> [Stored records]:
☆ ☆ ☆ ☆ ☆

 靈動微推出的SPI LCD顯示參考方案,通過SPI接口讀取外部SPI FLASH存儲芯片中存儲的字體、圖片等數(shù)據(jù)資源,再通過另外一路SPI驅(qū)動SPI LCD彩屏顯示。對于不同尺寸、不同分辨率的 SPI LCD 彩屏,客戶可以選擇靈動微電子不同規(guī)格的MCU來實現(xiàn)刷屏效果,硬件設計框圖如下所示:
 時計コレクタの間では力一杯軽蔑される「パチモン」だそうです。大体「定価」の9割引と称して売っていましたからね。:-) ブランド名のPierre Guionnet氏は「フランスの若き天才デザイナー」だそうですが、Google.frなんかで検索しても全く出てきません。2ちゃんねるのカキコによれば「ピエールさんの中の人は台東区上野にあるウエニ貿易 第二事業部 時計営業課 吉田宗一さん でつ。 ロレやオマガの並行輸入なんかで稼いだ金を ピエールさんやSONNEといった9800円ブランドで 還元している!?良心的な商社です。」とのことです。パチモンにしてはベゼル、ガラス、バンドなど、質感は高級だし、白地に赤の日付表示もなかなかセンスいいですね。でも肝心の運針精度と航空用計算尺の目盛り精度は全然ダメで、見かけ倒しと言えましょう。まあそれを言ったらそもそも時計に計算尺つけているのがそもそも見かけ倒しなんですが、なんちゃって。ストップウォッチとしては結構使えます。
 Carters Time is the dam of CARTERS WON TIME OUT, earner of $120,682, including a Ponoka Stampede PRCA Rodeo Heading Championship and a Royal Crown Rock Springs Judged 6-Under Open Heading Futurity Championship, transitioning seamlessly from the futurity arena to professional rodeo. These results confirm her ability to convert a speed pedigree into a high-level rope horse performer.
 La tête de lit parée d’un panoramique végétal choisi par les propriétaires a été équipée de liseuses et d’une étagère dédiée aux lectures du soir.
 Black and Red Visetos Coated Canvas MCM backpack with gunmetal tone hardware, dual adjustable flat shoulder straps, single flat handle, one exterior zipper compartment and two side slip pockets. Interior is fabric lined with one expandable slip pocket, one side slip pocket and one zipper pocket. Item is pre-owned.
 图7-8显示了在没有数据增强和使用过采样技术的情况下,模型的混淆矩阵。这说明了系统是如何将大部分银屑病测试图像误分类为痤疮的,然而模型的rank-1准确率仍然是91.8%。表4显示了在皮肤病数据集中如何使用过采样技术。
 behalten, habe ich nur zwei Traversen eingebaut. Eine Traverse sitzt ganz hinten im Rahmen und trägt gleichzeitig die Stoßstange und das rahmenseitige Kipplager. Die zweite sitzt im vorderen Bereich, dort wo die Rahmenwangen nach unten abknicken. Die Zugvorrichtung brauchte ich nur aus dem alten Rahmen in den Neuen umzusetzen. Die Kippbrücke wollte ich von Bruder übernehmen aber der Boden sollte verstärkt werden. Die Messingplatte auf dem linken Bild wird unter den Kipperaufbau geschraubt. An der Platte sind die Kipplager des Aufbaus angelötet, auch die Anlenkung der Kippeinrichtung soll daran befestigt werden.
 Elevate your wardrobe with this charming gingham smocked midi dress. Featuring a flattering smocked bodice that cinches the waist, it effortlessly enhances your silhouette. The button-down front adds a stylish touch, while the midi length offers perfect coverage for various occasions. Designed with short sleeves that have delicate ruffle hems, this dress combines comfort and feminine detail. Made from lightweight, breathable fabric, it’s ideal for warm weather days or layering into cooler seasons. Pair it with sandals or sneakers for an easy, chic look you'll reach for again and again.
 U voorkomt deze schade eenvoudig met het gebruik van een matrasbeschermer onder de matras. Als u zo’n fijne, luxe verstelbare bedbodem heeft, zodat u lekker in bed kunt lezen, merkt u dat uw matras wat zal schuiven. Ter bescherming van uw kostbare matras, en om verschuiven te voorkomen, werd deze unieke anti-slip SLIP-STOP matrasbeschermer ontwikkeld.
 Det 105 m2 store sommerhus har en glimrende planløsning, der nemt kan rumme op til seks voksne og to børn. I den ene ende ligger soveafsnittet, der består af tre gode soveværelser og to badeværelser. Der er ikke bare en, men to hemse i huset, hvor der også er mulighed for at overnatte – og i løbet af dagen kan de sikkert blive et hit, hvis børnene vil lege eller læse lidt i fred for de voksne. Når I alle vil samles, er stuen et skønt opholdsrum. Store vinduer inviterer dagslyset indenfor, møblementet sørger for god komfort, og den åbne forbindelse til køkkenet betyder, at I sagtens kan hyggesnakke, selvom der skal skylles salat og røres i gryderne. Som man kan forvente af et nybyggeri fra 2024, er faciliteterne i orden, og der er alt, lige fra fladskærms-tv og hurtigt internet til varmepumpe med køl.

☆ ☆ ☆ ☆ ☆

> [Exercise]:
Only the lines above from the line containing "Elevate your wardrobe" through the line containing "U voorkomt deze" should be retyped, exactly and with both ends included.

> [Answer space]:
 Elevate your wardrobe with this charming gingham smocked midi dress. Featuring a flattering smocked bodice that cinches the waist, it effortlessly enhances your silhouette. The button-down front adds a stylish touch, while the midi length offers perfect coverage for various occasions. Designed with short sleeves that have delicate ruffle hems, this dress combines comfort and feminine detail. Made from lightweight, breathable fabric, it’s ideal for warm weather days or layering into cooler seasons. Pair it with sandals or sneakers for an easy, chic look you'll reach for again and again.
 U voorkomt deze schade eenvoudig met het gebruik van een matrasbeschermer onder de matras. Als u zo’n fijne, luxe verstelbare bedbodem heeft, zodat u lekker in bed kunt lezen, merkt u dat uw matras wat zal schuiven. Ter bescherming van uw kostbare matras, en om verschuiven te voorkomen, werd deze unieke anti-slip SLIP-STOP matrasbeschermer ontwikkeld.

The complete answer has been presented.